この時以来、姉はこの陰陽道のお爺ちゃんの部屋に何度か足を運んでいるようだけど、未だに三上先生も探していた何かを見付けてはいないみたい。
翌日の図書館では、オカメと鬼頭さんに、鐘の音に共振して空間の歪みが発生したのかに思えたそれが、空間ではなく存在する何かしらの生命体で、実は百八の煩悩魔が、鐘に共振して空間を歪ませ波紋を浮かべていたものだ。
て、話して盛り上がり、姉はまた“恐ろしカヨ”の名を我が物として嬉々としている。
ただ、その後に熊泪湖で起きた殺人事件から今回の三権の二つが消えて無くなる事となり、残る一つこそが市内全てを地獄と化してしまう程の大いなる脅威ともなるこの夏最後の姉の謎解きとなる訳だけど、それはまた別のお話で……
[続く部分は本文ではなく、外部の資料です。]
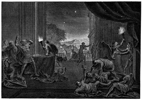 Description: This engraving, by Jan Goeree (1670-1731) and Jan Baptist (1670-1731), depicts a plague of intense darkness covering Pharaoh’s house and all the land of Egypt for three days.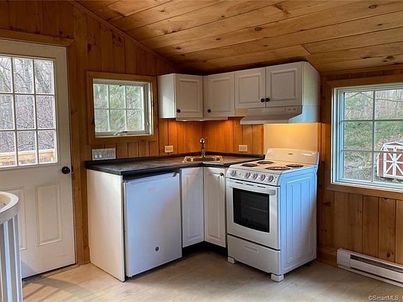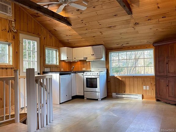 Completely charming one bedroom apartment in a fabulous location. So convenient to everything...Walk to restaurants, shops, schools, beach, houses of worship and the train AND to the new and upcoming amenities at Darien Commons! Open kitchen, dining and living room on 2nd floor. Spiral staircase leads you to the laundry, den/office and bedroom with walk-in closet. Loads of windows with vistas of the lovely property throughout, cathedral ceiling on 2nd floor. Apartment is very private and attached to the detached garage of the main house (which is currently rented). Assigned parking space in driveway. Includes both a deck and private quaint back yard with sounds of the stream right out your backdoor. Square footage is per landlord.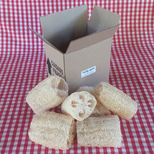 A Bucha Vegetal Pacha Mama Agroecologia nasce de cultivos conduzidos em Sistema Agroflorestal Agroecológico, tanto na própria chácara quanto por Famílias Agricultoras do Projeto Ubuntu. Após a colheita, realizamos a secagem, a seleção e o corte das unidades. Em seguida, organizamos os conjuntos com seis buchas medindo aproximadamente 13 cm x 8 cm cada uma.
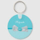 Ajoutez une touche de charme champêtre à votre style personnel avec cette aqua girly et biais blanc en vichy porte - clé motif avec un joli arc blanc transparent décoré de jolies perles et un ruban de rosette bleu clair. Ce design bleu clair féminin peut être personnalisé en ajoutant votre nom. Image imprimée plate, pas le ruban réel.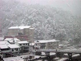 | 到着した日のうちに河原風呂と株湯を味わっておいてよかったです。というのも、翌日は三月にして積雪25cmの大雪となったのでした。でもこんなに感動的な雪景色を見ることができ、幸運でした。 |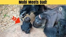 A kis gorilla először találkozik apukájával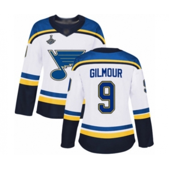 Women's St. Louis Blues #9 Doug Gilmour Authentic White Away 2019 Stanley Cup Champions Hockey Jersey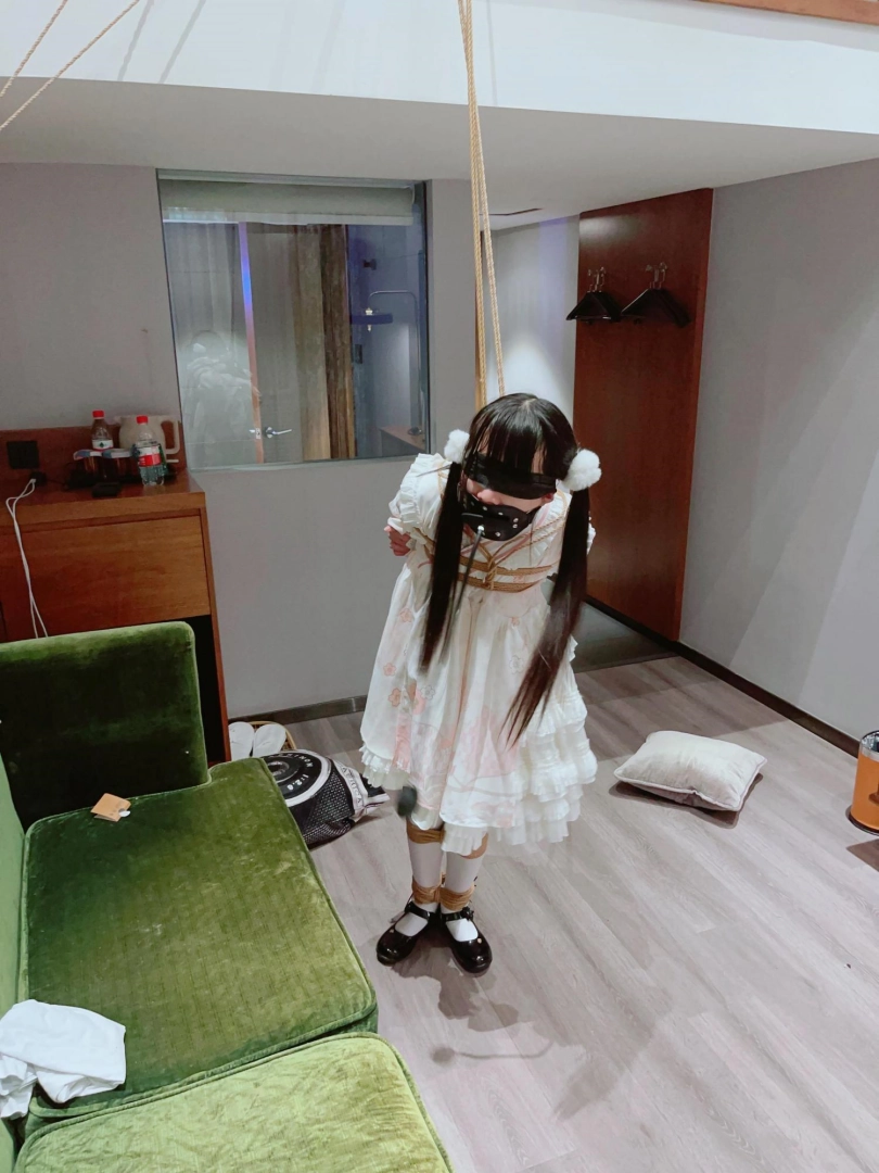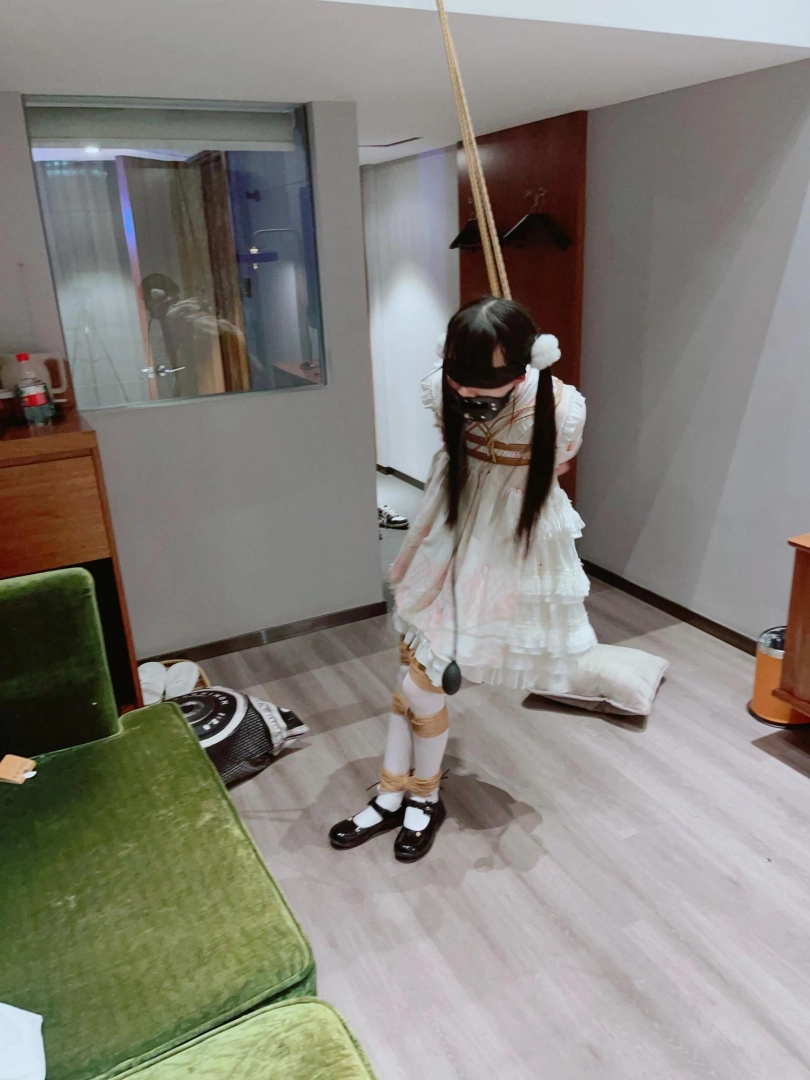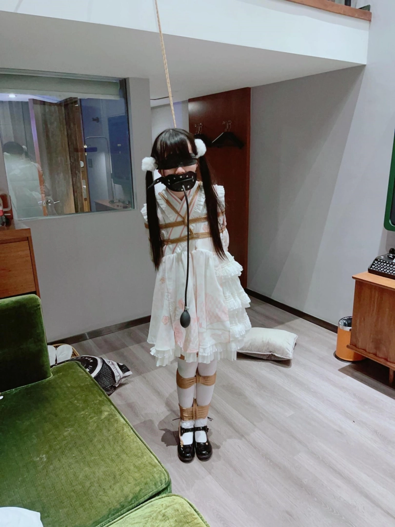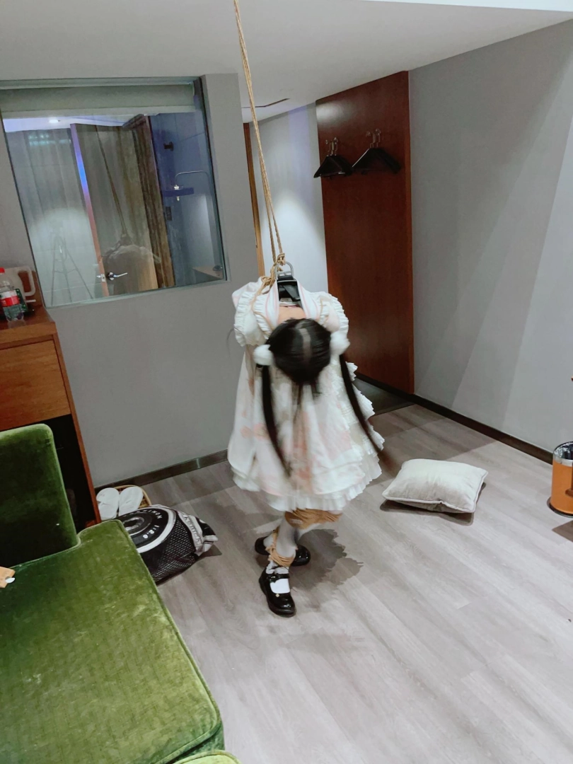 3.就这么折磨了一小时左右,茶茶突然崩溃大哭,拼命挣扎,不考虑任何重心,为了安全考虑我只能剪断了绳子,暂停拍摄。但是体力压榨不会这么轻松结束,我劝了茶茶几分钟,然后把茶茶双手举高,继续吊缚,双手举高罚站了十几分钟,直到茶茶完全疲劳绝望才放开茶茶。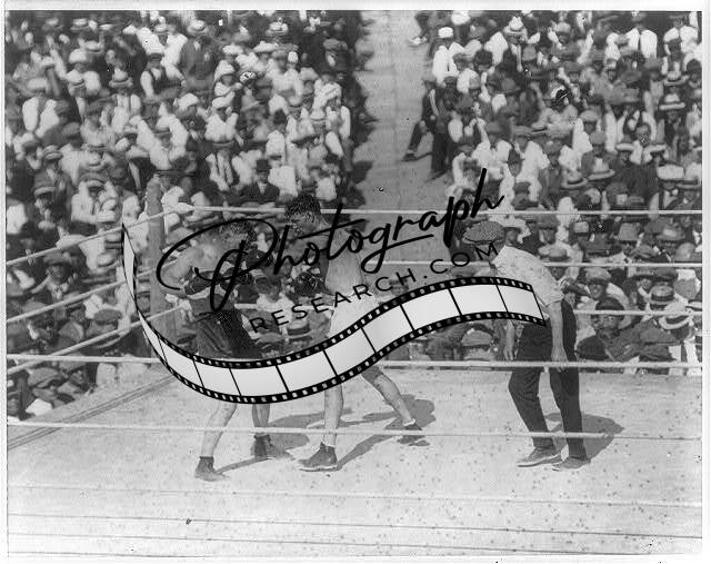 Jack Dempsey-Gibbons boxing match; Dempsey landing left,c1923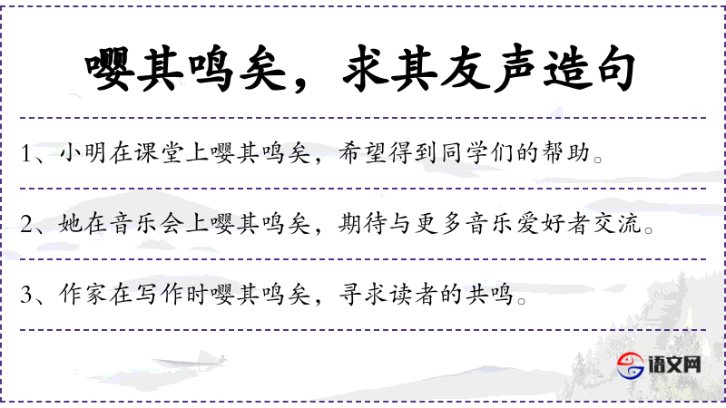 句子:“[作家在写作时嘤其鸣矣,寻求读者的共鸣。]”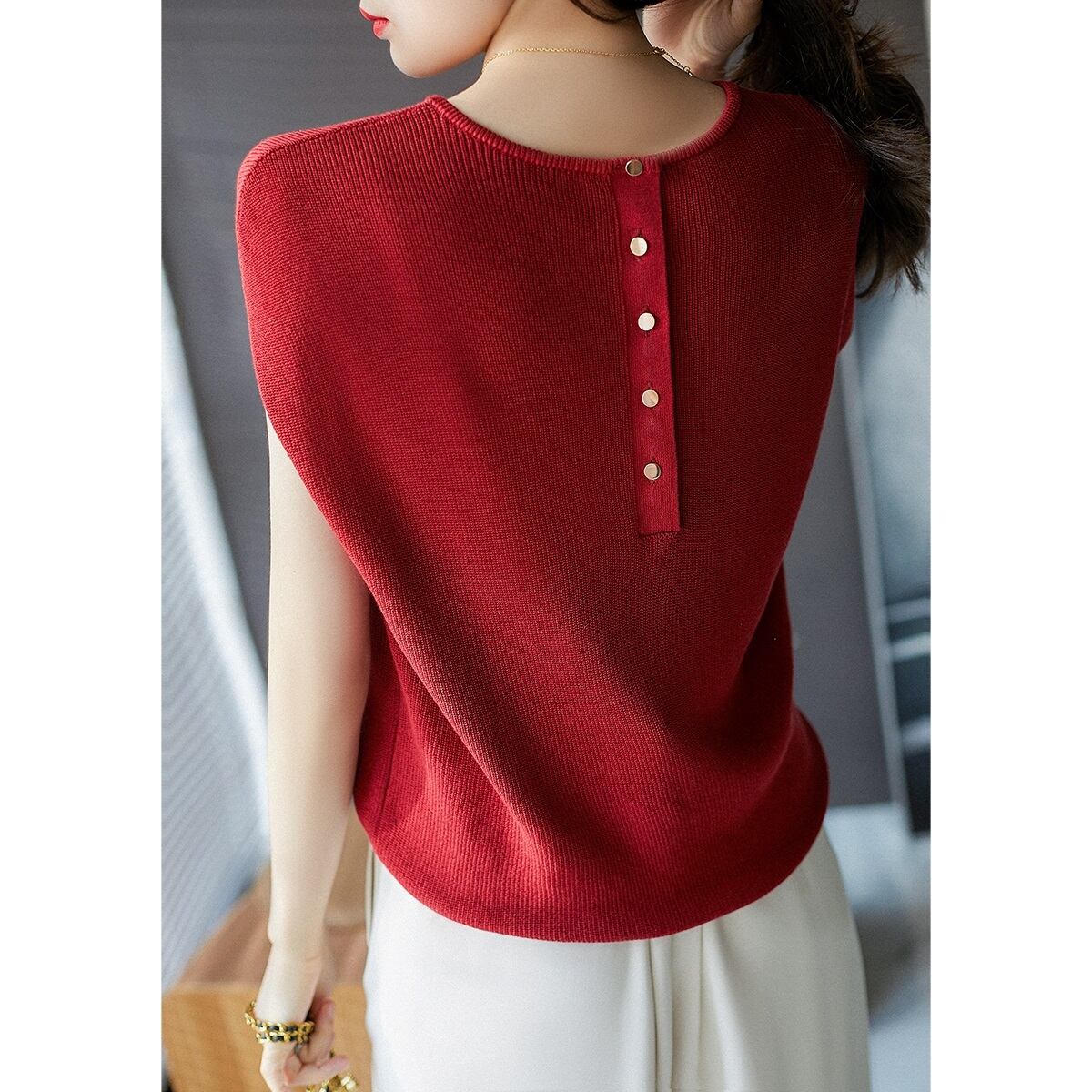 背中部分にはボタンがあしらわれ、シンプルながらもハイセンスなおしゃれが楽しめますよ。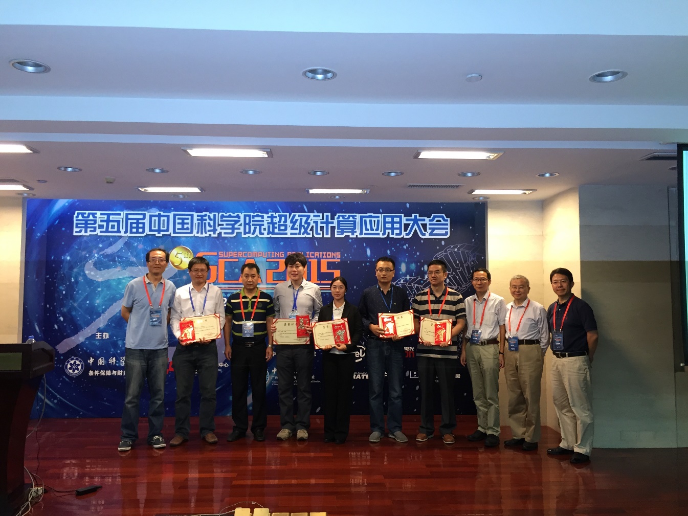 在2015年10月10日于广州召开的第五届中国科学院超级计算应用大会(SCA2015)上,yx06永兴彩票集团超声技术中心林伟军研究员的“深部资源探测大规模软件研究项目”获最佳应用奖。中国科学院超级计算应用奖由中国科学院条件保障与财务局设立,旨在鼓励高性能计算技术在科研领域的应用,促进我院乃至我国高性能计算应用水平的提升。今年为第三届评选,共选出4项最佳应用奖和1项杰出用户奖。超声技术中心苏畅助理研究员代表团队领奖并作报告。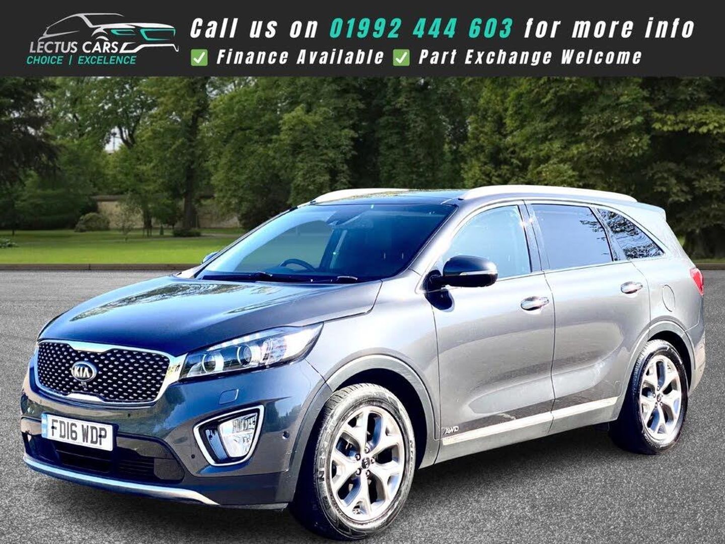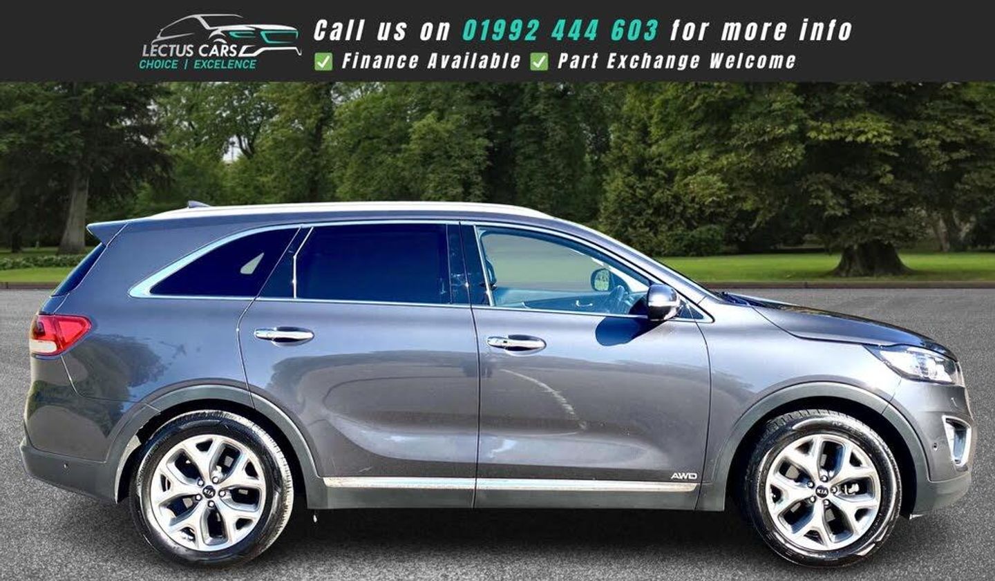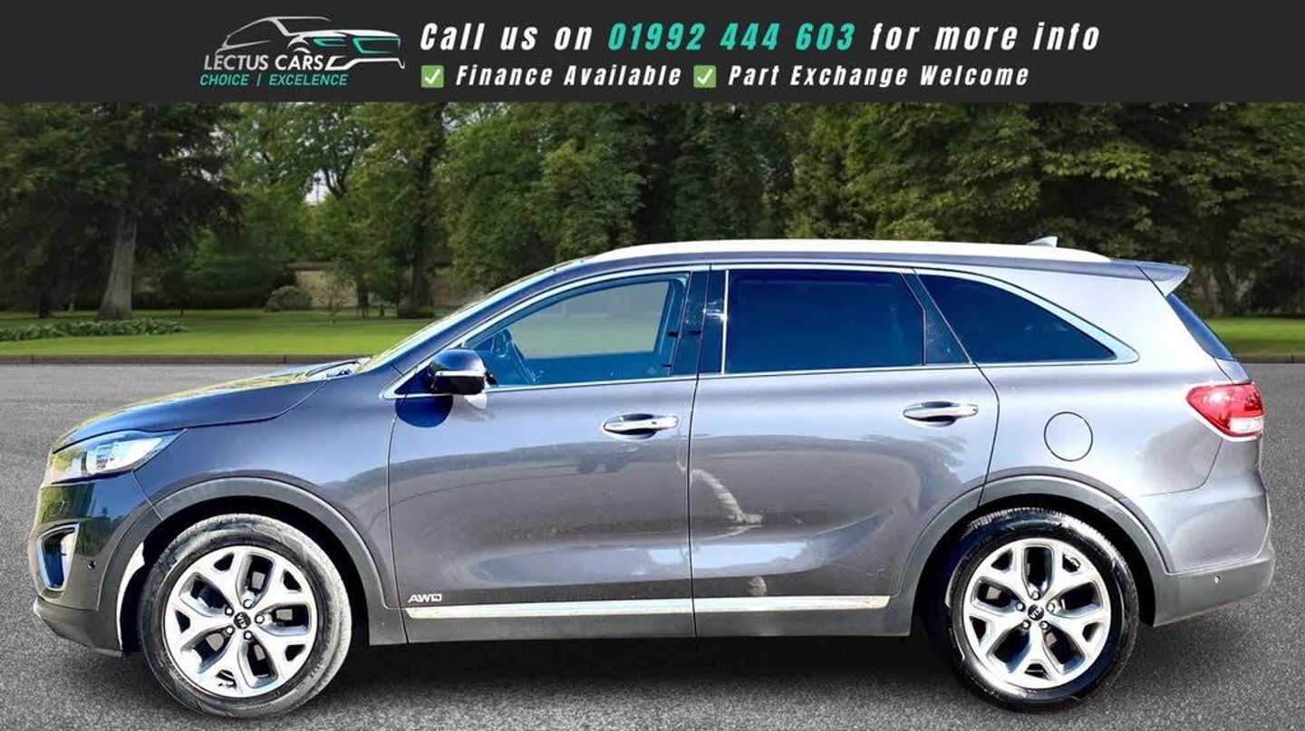 Finished in Metallic Grey with full Black Leather upholstery this All Wheel Drive 2016 Kia Sorento KX-4 2.2 Diesel has clocked up 121,000 and is complimented by a Full dealership service-history and has just been serviced by us. Being the KX-4 the vehicle has a lovely specification, including 7 Seats. Sliding Panoramic glass roof. 19in Alloy Wheels. 2nd Row Sunblinds. 8in Touchscreen Satellite Navigation and incorporated within this unit there is the DAB Radio, RDS Radio with CD and MP3, Bluetooth with Music Streaming and Bluetooth with Voice Recognition along with Infinity Premium Sound System. Adaptive Cruise Control found on the Multi-Function steering wheel along with Audio and Phone Controls. Dual Automatic Air Conditioning with Ioniser. Heated Front Seats and Heated Outer Rear Seats plus Heated Steering Wheel. Park Assist System with Front and Rear Parking Sensors and Reversing Camera System. Smart Key Entry System with Engine Start-Stop Button. Drive Mode Select. Smart Power Tailgate, plus much more, see the specification listSEE THE VIDEO IN THE ADVERT or use this link: https://youtu.be/yntpLJcesXo?si=2FhgG6AmwYogTwBt0% Deposit when financing through us.DELIVERY AVAILABLE. The Car Comes With A 6 Month Premium Nationwide Parts And Labour Warranty Finance Available From 10.9 % Apr All Inspections Welcome AA/RAC Px Welcome Viewing By Appointment Only Please Call John On 07785 555111 Or 01992 444603-FDSH-JUST SERVICED

帰り道の夜に聴く夏の便りは何処か切なく、華やぐ夜空に思いを巡らすようだった。
■あとがき
これにて第三章『音』「響鳴の波紋」は終わりとなります。
ちなみにこの「響鳴の波紋」は、時間軸で言うと「悪魔の棲む黒い家」と「POOL」の間にあったお話です。
▼備考
*1
本連載の「公園に潜むもの」に掲載されている内容を含む事物を指す名詞。